You are given a binary string s that contains at least one '1'.

You have to rearrange the bits in such a way that the resulting binary number is the maximum odd binary number that can be created from this combination.

Return _a string representing the maximum odd binary number that can be created from the given combination._

Note that the resulting string can have leading zeros.

 

Example 1:

Input: s = "010"
Output: "001"
Explanation: Because there is just one '1', it must be in the last position. So the answer is "001".

Example 2:

Input: s = "0101"
Output: "1001"
Explanation: One of the '1's must be in the last position. The maximum number that can be made with the remaining digits is "100". So the answer is "1001".

 

Constraints:

• 1 <= s.length <= 100
• s consists only of '0' and '1'.
• s contains at least one '1'.

Solutions

Solution 1: Greedy

First, we count the number of '1's in the string $s$, denoted as $cnt$. Then, we place $cnt - 1$ '1's at the highest position, followed by the remaining $|s| - cnt$ '0's, and finally add one '1'.
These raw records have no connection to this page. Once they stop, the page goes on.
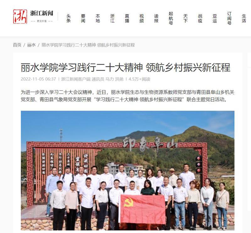 11月5日,浙江新闻刊登了我校生态与生物资源系教师党支部开展“学习践行二十大精神 领航乡村振兴新征程”联合主题党日活动的消息。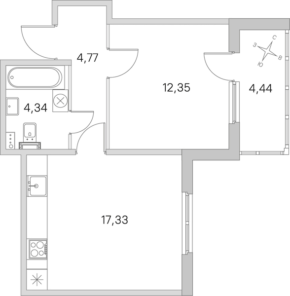 • Площадь кухни17,33 м2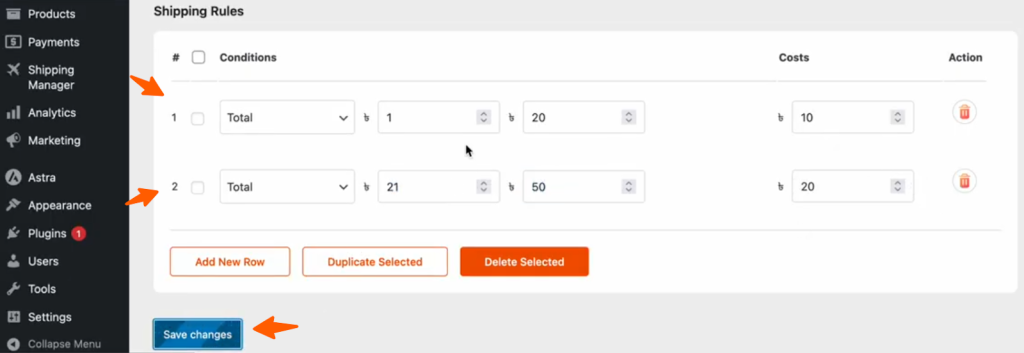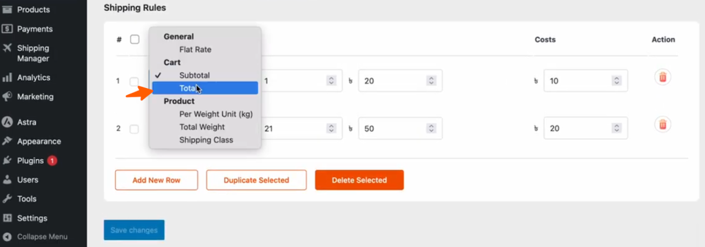 After selecting Total, set the price range for the subtotal. We’ve set the first Total between $1 – $20, and the shipping cost as $10. The second Total is between $21-$50, and the shipping cost is $20. Then click Save Changes to apply the changes.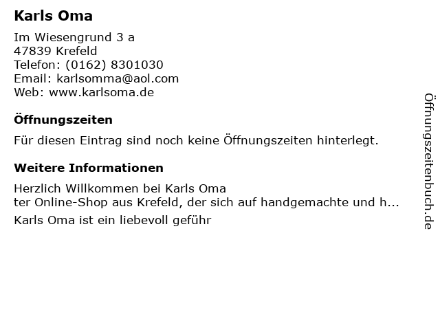 | Öffnungszeiten Karls Oma in Krefeld anzeigen | |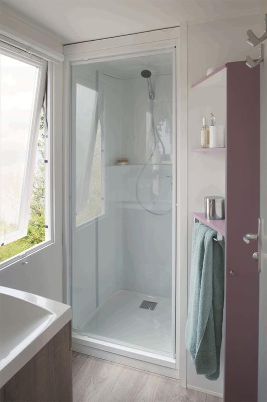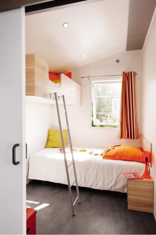 Sehr geräumig ( 32 qm ), hat das Mobilheim Premium Life alle Ausrüstungen , um Familien mit kleinen Kindern oder Menschen mit Behinderungen durch die Gewährleistung maximalen Komfort willkommen: bequem flach abfallenden Rampe für Kinderwagen und Rollstühle .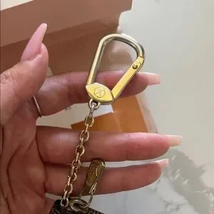 Elegant key pouch with iconic checkered design. Features a gold-tone keychain clip.
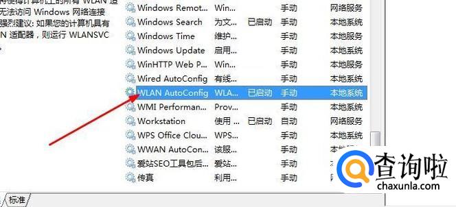 点击服务后右边会出现服务列表,我们找到“WLAN AutoConfig”这个服务选项。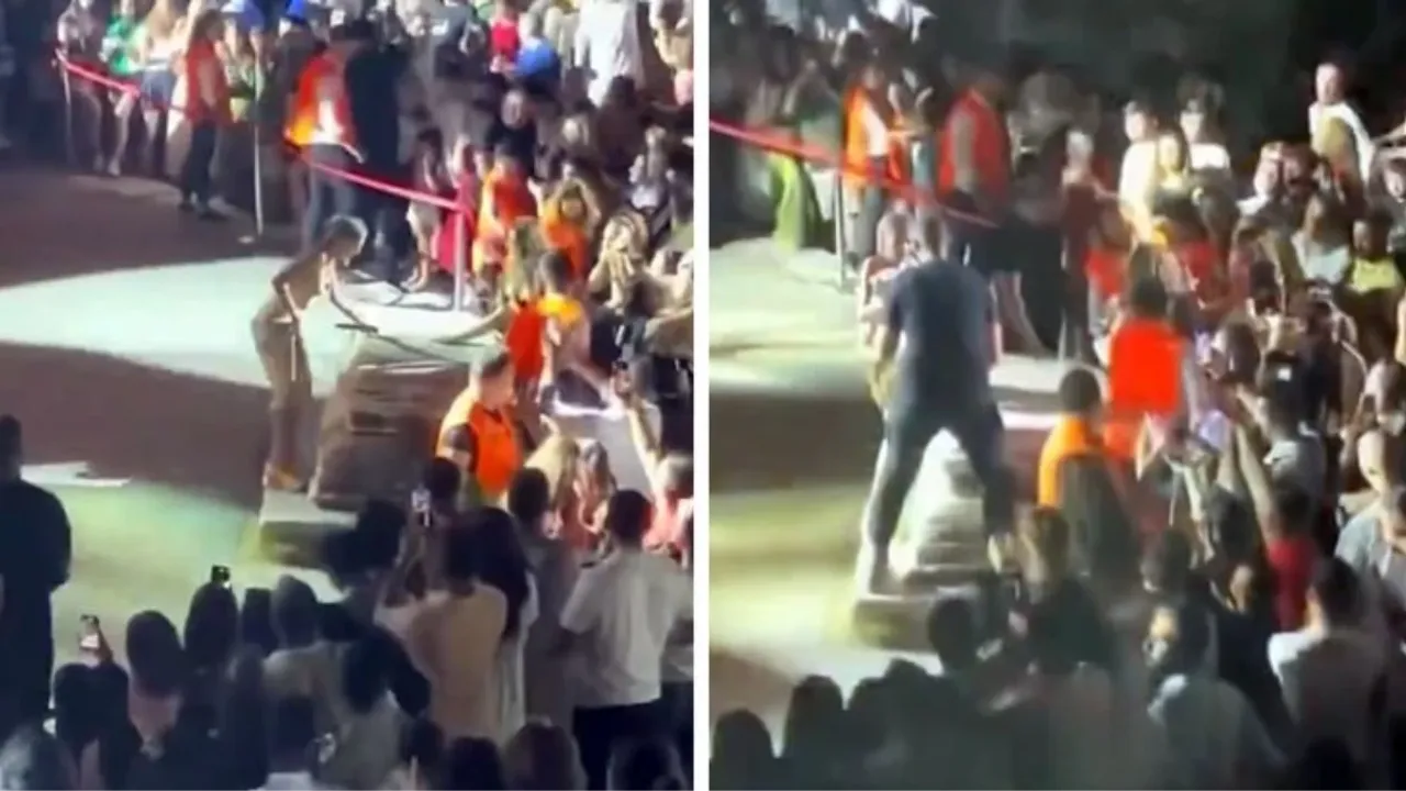 Ünlü şarkıcı Yıldız Tilbe, tarzı ve açıklamalarıyla sıkça gündeme gelen bir isim olarak Bodrum Antik Tiyatro'da hayranlarıyla buluştu. Ancak antik mezarın üzerine çıkmaya çalıştığı sırada güvenlik görevlileri tarafından engellendi.
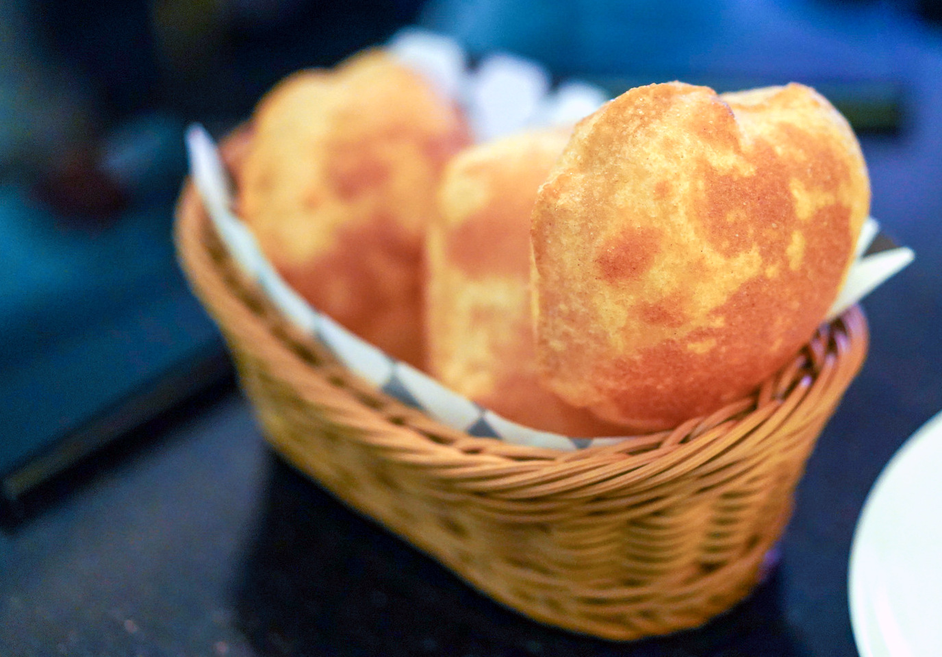 We start with golden, gluten-free patties, their deep-fried crunch concealing a divinely sticky mash of sago, potatoes and spices (RM15 for four pieces of this vada, a light, appetite-whetting snack that Natasha calls her all-time favourite), and tandoor-cooked snake gourd stuffed with crushed peanuts and crisp vegetables like cauliflower (RM30 for five pieces). Bread baskets sit on the side, awaiting sauces - puffy-fluffy puri, unleavened with roasted semolina, alongside sorghum slices with a dense, firmly rustic bite, created with no eggs, baking powder or binding agents.
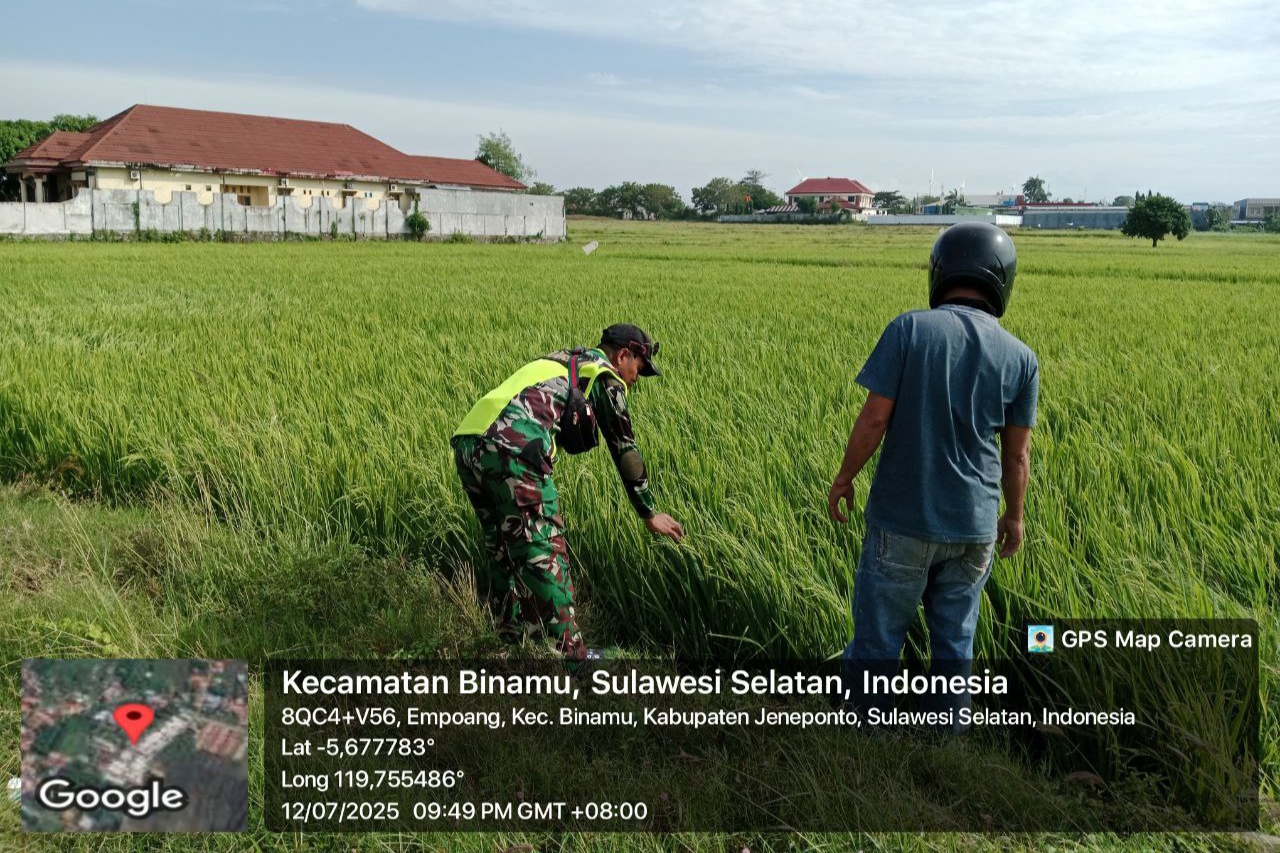 Jeneponto, Aliefmedia.co.id – Babinsa Koramil 01/Binamu Kodim 1425/Jeneponto, Serda Agus Salim, turun langsung ke sawah bersama petani untuk meninjau perkembangan tanaman padi di Kelurahan Empoang, Kecamatan Binamu, Kabupaten Jeneponto, Sabtu, 12/7/2025.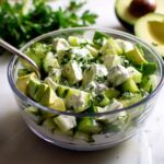 A refreshingly creamy and tangy avocado cucumber salad that combines crisp cucumber chunks, creamy avocado, and a zesty lime-infused mayonnaise dressing. Garnished with fresh herbs and a touch of heat from Sriracha, this salad makes a perfect light side dish or snack.

The time complexity is $O(n)$, and the space complexity is $O(n)$. Here, $n$ is the length of the string $s$.

class Solution:
  def maximumOddBinaryNumber(self, s: str) -> str:
    cnt = s.count("1")
    return "1" * (cnt - 1) + (len(s) - cnt) * "0" + "1"

class Solution {
  public String maximumOddBinaryNumber(String s) {
    int cnt = s.length() - s.replace("1", "").length();
    return "1".repeat(cnt - 1) + "0".repeat(s.length() - cnt) + "1";
  }
}

class Solution {
public:
  string maximumOddBinaryNumber(string s) {
    int cnt = count(s.begin(), s.end(), '1');
    return string(cnt - 1, '1') + string(s.size() - cnt, '0') + '1';
  }
};

func maximumOddBinaryNumber(s string) string {
  cnt := strings.Count(s, "1")
  return strings.Repeat("1", cnt-1) + strings.Repeat("0", len(s)-cnt) + "1"
}

function maximumOddBinaryNumber(s: string): string {
  const cnt = s.length - s.replace(/1/g, '').length;
  return '1'.repeat(cnt - 1) + '0'.repeat(s.length - cnt) + '1';
}

impl Solution {
  pub fn maximum_odd_binary_number(s: String) -> String {
    let cnt = s
      .chars()
      .filter(|&c| c == '1')
      .count();
    "1".repeat(cnt - 1) + &"0".repeat(s.len() - cnt) + "1"
  }
}